→ DATASET EXCERPTS:
--

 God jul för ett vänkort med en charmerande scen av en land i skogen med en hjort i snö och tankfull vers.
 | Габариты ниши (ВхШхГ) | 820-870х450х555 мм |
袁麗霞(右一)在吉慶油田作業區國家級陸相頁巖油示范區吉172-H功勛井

--

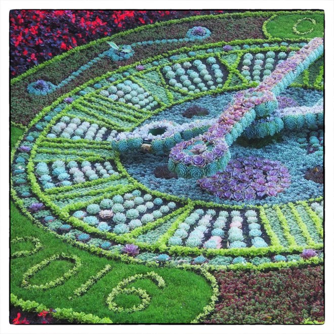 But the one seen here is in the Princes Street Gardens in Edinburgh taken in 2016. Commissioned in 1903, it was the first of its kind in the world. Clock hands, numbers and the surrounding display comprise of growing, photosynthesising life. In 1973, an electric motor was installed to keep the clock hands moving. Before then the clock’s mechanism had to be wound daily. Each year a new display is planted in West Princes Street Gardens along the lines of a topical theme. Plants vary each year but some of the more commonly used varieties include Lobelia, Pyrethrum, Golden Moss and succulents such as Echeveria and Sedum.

--

→ TASK STATEMENT:
Nothing should appear in the answer except the lines above from the line with "God jul för" through the line with "袁麗霞(右一)在吉慶油田作業區國家級陸相頁巖油示范區吉172-H功勛井", both included, written out exactly.

→ ANSWER AREA:
 God jul för ett vänkort med en charmerande scen av en land i skogen med en hjort i snö och tankfull vers.
 | Габариты ниши (ВхШхГ) | 820-870х450х555 мм |
袁麗霞(右一)在吉慶油田作業區國家級陸相頁巖油示范區吉172-H功勛井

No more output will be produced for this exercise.